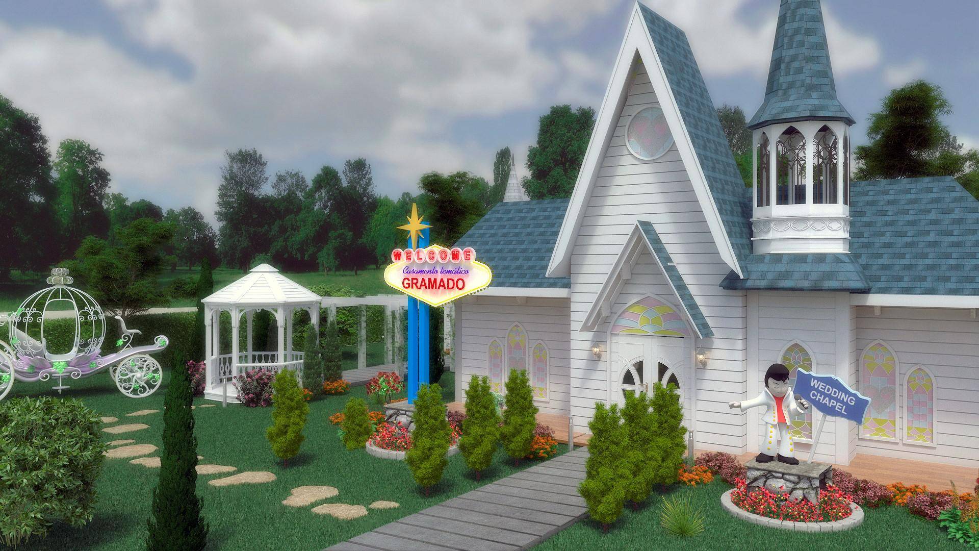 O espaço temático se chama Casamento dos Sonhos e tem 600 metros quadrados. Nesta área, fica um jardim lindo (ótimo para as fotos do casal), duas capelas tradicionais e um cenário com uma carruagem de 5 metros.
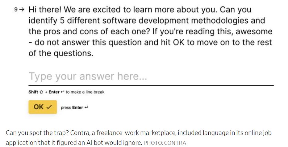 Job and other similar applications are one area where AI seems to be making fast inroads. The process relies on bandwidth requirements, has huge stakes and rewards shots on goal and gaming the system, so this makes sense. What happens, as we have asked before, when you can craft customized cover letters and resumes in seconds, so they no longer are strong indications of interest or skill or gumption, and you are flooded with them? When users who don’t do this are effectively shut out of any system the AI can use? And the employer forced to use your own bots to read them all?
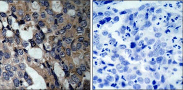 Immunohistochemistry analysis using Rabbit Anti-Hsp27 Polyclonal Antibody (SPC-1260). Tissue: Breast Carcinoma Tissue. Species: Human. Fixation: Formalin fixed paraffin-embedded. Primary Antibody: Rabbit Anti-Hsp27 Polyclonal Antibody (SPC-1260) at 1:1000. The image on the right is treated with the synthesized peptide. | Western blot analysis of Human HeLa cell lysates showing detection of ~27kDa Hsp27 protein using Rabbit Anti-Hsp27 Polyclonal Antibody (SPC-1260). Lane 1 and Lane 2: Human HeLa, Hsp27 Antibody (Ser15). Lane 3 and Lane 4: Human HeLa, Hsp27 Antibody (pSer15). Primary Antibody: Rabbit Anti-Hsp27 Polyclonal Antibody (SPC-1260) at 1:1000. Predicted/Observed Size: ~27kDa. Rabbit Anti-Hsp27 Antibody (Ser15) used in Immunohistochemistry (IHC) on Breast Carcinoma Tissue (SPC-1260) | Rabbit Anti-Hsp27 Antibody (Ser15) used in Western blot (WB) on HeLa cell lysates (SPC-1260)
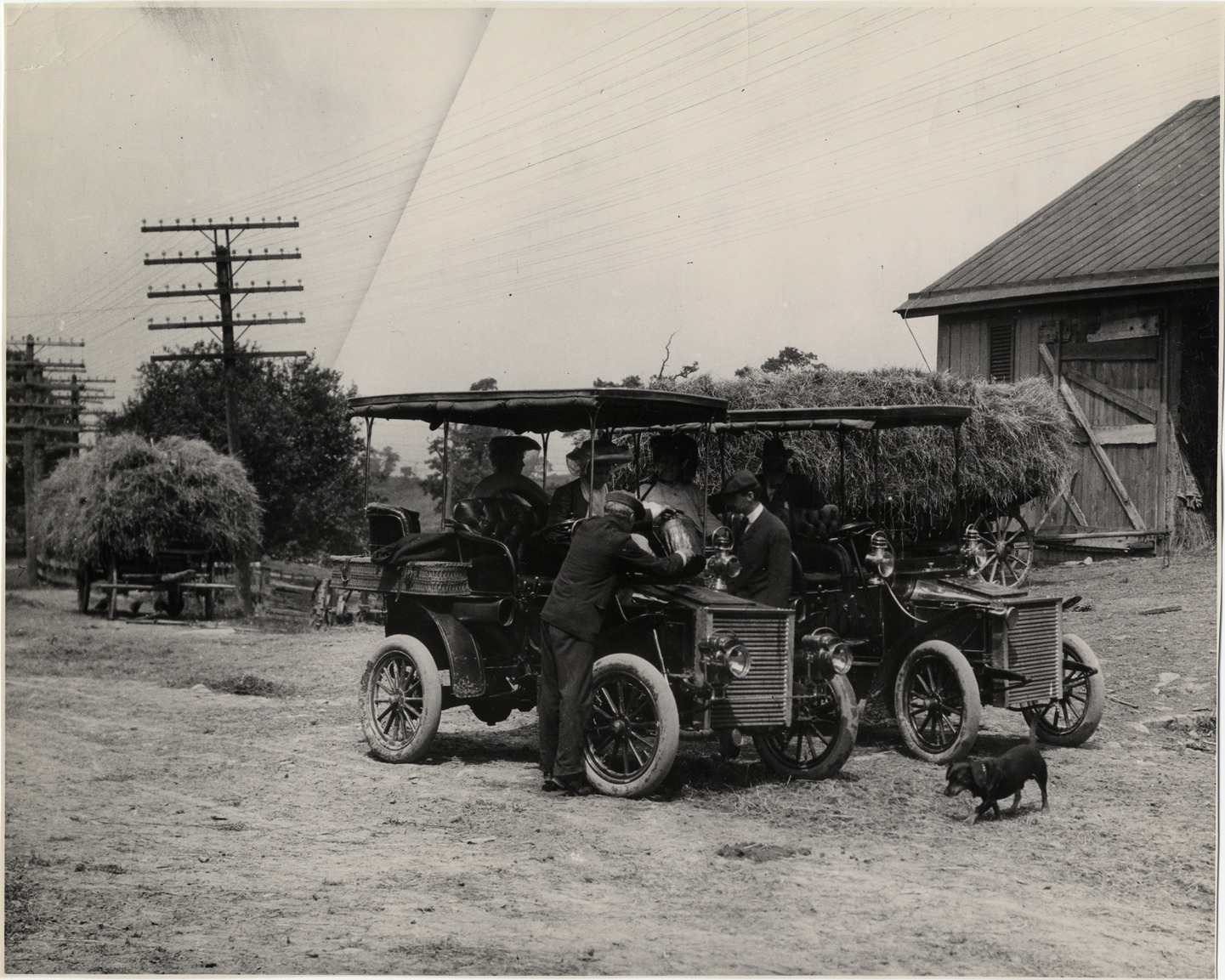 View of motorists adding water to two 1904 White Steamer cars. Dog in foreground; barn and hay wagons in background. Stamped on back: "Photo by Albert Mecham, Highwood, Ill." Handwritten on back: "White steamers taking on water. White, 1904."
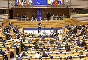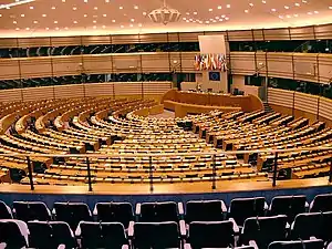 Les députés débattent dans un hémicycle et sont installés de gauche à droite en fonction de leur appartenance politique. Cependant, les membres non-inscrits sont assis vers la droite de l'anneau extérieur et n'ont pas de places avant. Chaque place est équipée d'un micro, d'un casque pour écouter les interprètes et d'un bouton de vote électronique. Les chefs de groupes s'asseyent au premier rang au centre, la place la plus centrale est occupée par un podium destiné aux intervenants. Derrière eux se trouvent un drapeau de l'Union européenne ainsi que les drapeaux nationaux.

* _Task description_
When you repeat the lines above, keep them exact and leave out each image they contain.

* _Final answer_
 O espaço temático se chama Casamento dos Sonhos e tem 600 metros quadrados. Nesta área, fica um jardim lindo (ótimo para as fotos do casal), duas capelas tradicionais e um cenário com uma carruagem de 5 metros.
 Job and other similar applications are one area where AI seems to be making fast inroads. The process relies on bandwidth requirements, has huge stakes and rewards shots on goal and gaming the system, so this makes sense. What happens, as we have asked before, when you can craft customized cover letters and resumes in seconds, so they no longer are strong indications of interest or skill or gumption, and you are flooded with them? When users who don’t do this are effectively shut out of any system the AI can use? And the employer forced to use your own bots to read them all?
 Immunohistochemistry analysis using Rabbit Anti-Hsp27 Polyclonal Antibody (SPC-1260). Tissue: Breast Carcinoma Tissue. Species: Human. Fixation: Formalin fixed paraffin-embedded. Primary Antibody: Rabbit Anti-Hsp27 Polyclonal Antibody (SPC-1260) at 1:1000. The image on the right is treated with the synthesized peptide. | Western blot analysis of Human HeLa cell lysates showing detection of ~27kDa Hsp27 protein using Rabbit Anti-Hsp27 Polyclonal Antibody (SPC-1260). Lane 1 and Lane 2: Human HeLa, Hsp27 Antibody (Ser15). Lane 3 and Lane 4: Human HeLa, Hsp27 Antibody (pSer15). Primary Antibody: Rabbit Anti-Hsp27 Polyclonal Antibody (SPC-1260) at 1:1000. Predicted/Observed Size: ~27kDa. Rabbit Anti-Hsp27 Antibody (Ser15) used in Immunohistochemistry (IHC) on Breast Carcinoma Tissue (SPC-1260) | Rabbit Anti-Hsp27 Antibody (Ser15) used in Western blot (WB) on HeLa cell lysates (SPC-1260)
 View of motorists adding water to two 1904 White Steamer cars. Dog in foreground; barn and hay wagons in background. Stamped on back: "Photo by Albert Mecham, Highwood, Ill." Handwritten on back: "White steamers taking on water. White, 1904."
 Les députés débattent dans un hémicycle et sont installés de gauche à droite en fonction de leur appartenance politique. Cependant, les membres non-inscrits sont assis vers la droite de l'anneau extérieur et n'ont pas de places avant. Chaque place est équipée d'un micro, d'un casque pour écouter les interprètes et d'un bouton de vote électronique. Les chefs de groupes s'asseyent au premier rang au centre, la place la plus centrale est occupée par un podium destiné aux intervenants. Derrière eux se trouvent un drapeau de l'Union européenne ainsi que les drapeaux nationaux.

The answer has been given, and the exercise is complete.